Anyone is prone to this experience, but there are ways to make it manageable, local early childhood experts say.
"I think the main thing is that [kids] have to be prepared ahead of time," said Amy Mandel, a special education teacher for the Crosby Elementary Preschool in Pittsfield, Mass.
"Especially if you're going to the mall, let them know they're going to have to stand in line. You can discuss what does [Santa] look like and what you can ask him," said Mandel. "You can also give them some options. For example, some kids might not sit on Santa's lap — it shouldn't be forced upon them — but it's also OK to just stand next to him.
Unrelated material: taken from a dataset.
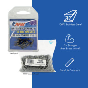 Mighty-Mini Crane Swivels are 100% stainless steel and are 3 times stronger than conventional components of the same size. Smart anglers know that terminal tackle can spook wary game fish. The Might Mini line of compact, 100% stainless steel swivels was engineered to be smaller and stronger than the leading brands of swivels on the market. Now you can use swivels for your rigs, and snap swivels for attaching lures, that are less visible and significantly more powerful.

It's all about their comfort level."
Sue o LeBlond, early education outreach specialist for Windham Child Care Association in Brattleboro, Vt., agreed that experiences shouldn't be pushed on a child with the expectation that they have to like it.
"I think the most important thing is to remember to make sure it stays fun and engaging, and to adjust as soon as the child shows signs of stress," said LeBlond. "Those negative experiences a child can have can last a long time. It stays in their memory, and they could have an adverse reaction for the next year. For me personally, I wouldn't suggest talking it up, but rather letting it unroll naturally.
"The biggest thing," she said, "is really not to force it. That's just going to backfire."
Both Mandel and LeBlond said once at the venue where the child will be meeting St. Nick, it's important to explain to them that, because they're being accompanied by a parent, grandparent, or caregiver, it's a safe situation to be meeting, essentially, this stranger to them.
"But you still want them to be leery of strangers, in my opinion," Mandel said. "So, you have to explain to them that this is a controlled, safe situation, and that, if you want to, you can talk to Santa, and if you don't, that's OK. Some kids are going to run and jump up into his lap and other kids are going to be scared."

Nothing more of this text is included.